AuroRA: Breaking Low-Rank Bottleneck of LoRA with Nonlinear Mapping
Haonan Dong, Wenhao Zhu, Guojie Song, Liang Wang
TL;DR
AuroRA addresses the LoRA low-rank bottleneck by inserting an Adaptive Nonlinear Layer between two low-rank projections, forming an MLPlike update that compresses rank while enhancing expressiveness. The approach combines a fixed tanh-based nonlinearity with a learnable spline-based component, yielding a sigma that improves approximation while maintaining bounded gradients and modest parameter overhead. Theoretical results show strictly lower approximation error than linear LoRA at the same rank and stable training dynamics, supported by analyses of parameter and compute costs. Empirically, AuroRA matches or surpasses full fine-tuning with only a small fraction of LoRA parameters and outperforms other PEFT methods across NLP and CV tasks, including scalable performance on large models and text-to-image generation scenarios.
Abstract
Low-Rank Adaptation (LoRA) is a widely adopted parameter-efficient fine-tuning (PEFT) method validated across NLP and CV domains. However, LoRA faces an inherent low-rank bottleneck: narrowing its performance gap with full finetuning requires increasing the rank of its parameter matrix, resulting in significant parameter overhead. Recent linear LoRA variants have attempted to enhance expressiveness by introducing additional linear mappings; however, their composition remains inherently linear and fails to fundamentally improve LoRA's representational capacity. To address this limitation, we propose AuroRA, which incorporates an Adaptive Nonlinear Layer (ANL) between two linear projectors to capture fixed and learnable nonlinearities.
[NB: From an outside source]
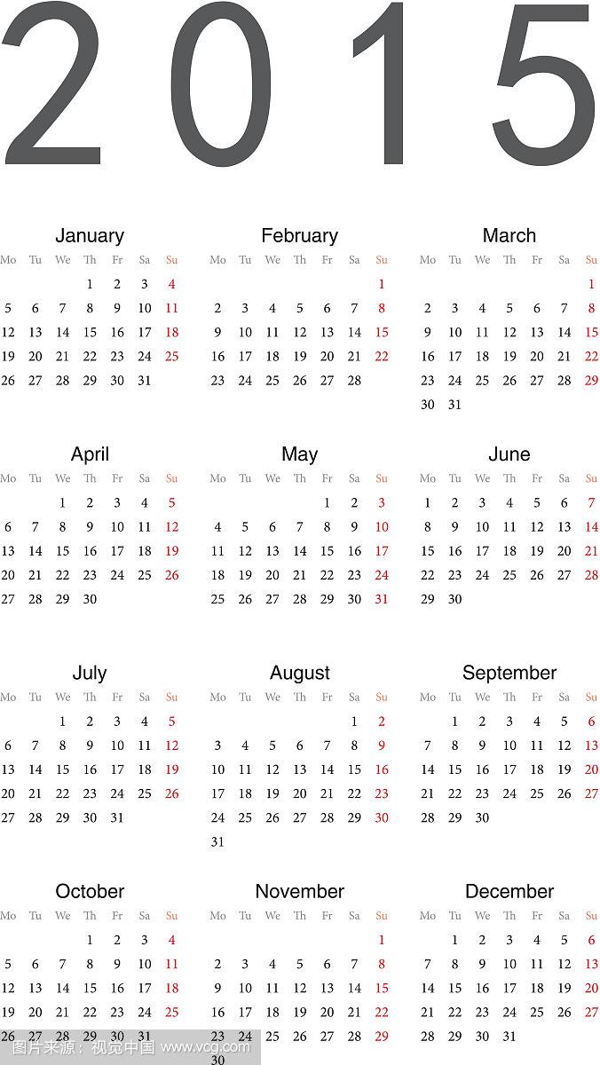 2015年日历

This combination forms an MLP-like structure with a compressed rank, enabling flexible and precise approximation of diverse target functions while theoretically guaranteeing lower approximation errors and bounded gradients. Extensive experiments on 22 datasets and 6 pretrained models demonstrate that AuroRA: (I) not only matches or surpasses full fine-tuning performance with only 6.18% ~ 25% of LoRA's parameters but also (II) outperforms competitive PEFT methods by up to 10.88% in both NLP and CV tasks, and (III) exhibits robust performance across various rank configurations.